Christopher Eccleston is celebrating this morning after signing up as the new leader of Palestinian resistance group Hamas. Following the death of previous leader, Sheikh Ahmed McGann, speculation as to who would take on the part had originally centred around Bill Nighy, David Warner and Khaled Meshaal. Undaunted by Ariel Sharon's avowed intention to kill all Hamas Leaders, Eccleston told reporters "Russell T. Davies? Doctor Who? Suicide Bombers? Which way to the Gaza Strip!"

Michael Grade will take part in a historic handshake with the new Dr Who producer Phil Collinson. The meeting is set to take place in a makeshift tent in a BBC car park later this week. Allistair Pearson will be there to draw a line under the event.
Billie Piper is the hot favourite to take the role of Rose Tyler, the Doctor's new companion. When asked why she was going for the role she is reported to have said "because I want to."

Angel has been cancelled. "Rising ratings" have been blamed for the show's demise (eh? - Ed).

A new Mori poll reveals that nothing in the world can stop Professor Zardoff now.
Bill Nighy denies reports that he told RTD that he'd play Doctor Who as a cocaine addled nymphomaniac in a last minute attempt to weasel out of the role.

Wayne Pygram is set to play Christopher Eccleston in The Grand Moff Tarkin Story.
BBCi proudly announce another season of their vampiric soap opera The Ghosts of Albion Market.

Paul McGann signs BBC contract to star in five more seasons of Nature Boy.

A Blue Peter special on the discovery of a tenth planet accidentally results in its immediate destruction. Oppps.
The last Star Wars film's title is currently rumoured to be The Creeping Apathy.
David Duchovny is said to be "excited" by the recent zombie film revival and expects the phone to ring any minute now.
Recently recovered documents reveal that Stanley Kubrick once attempted to sue Space 1999 for being "almost as tedious as 2001: A Space Odyssey".
The BFI have announced the result of their "What the hell is The Matrix trilogy all about?". The winner was Arthur Smith from Hastings. In second place was Larry Wachowski.
Joss Whedon has revealed that he has received thousands of letters begging him to make a Buffy movie.  "But they're all from Nicholas Brendon," he added.
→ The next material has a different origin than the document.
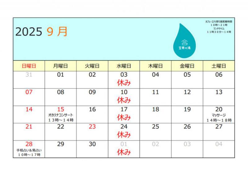 今月の営業カレンダーです。大人気のマッサージと手相占いのほかに、オカリナコンサートがありますので、ぜひ、遊びにいらしてください。9月もがんばっていきます〜

STOP PRESS: The role of the Doctor's new companion, Rose Tyler, has gone to Matthew Waterhouse's sister, Mabel. More news as we get it...

 
FINAL DR OF THE MONTH
#16: Christopher Eccleston

Chris Eccleston is the Dr - and this time we mean it!

His ears are even bigger on the inside!
MASTER OF THE MONTH
#1: Ricky Gervasis

Ricky Gervais is the Master!

I am the Master and you will obey me. FACT!
TV LISTINGS
Wonderwalls, C4 - Hit series from the US which sees a shopkeeper who can communicate with the idiot savant Liam Gallagher. Due to be cancelled before filming completes its first season, but don't let that put you off!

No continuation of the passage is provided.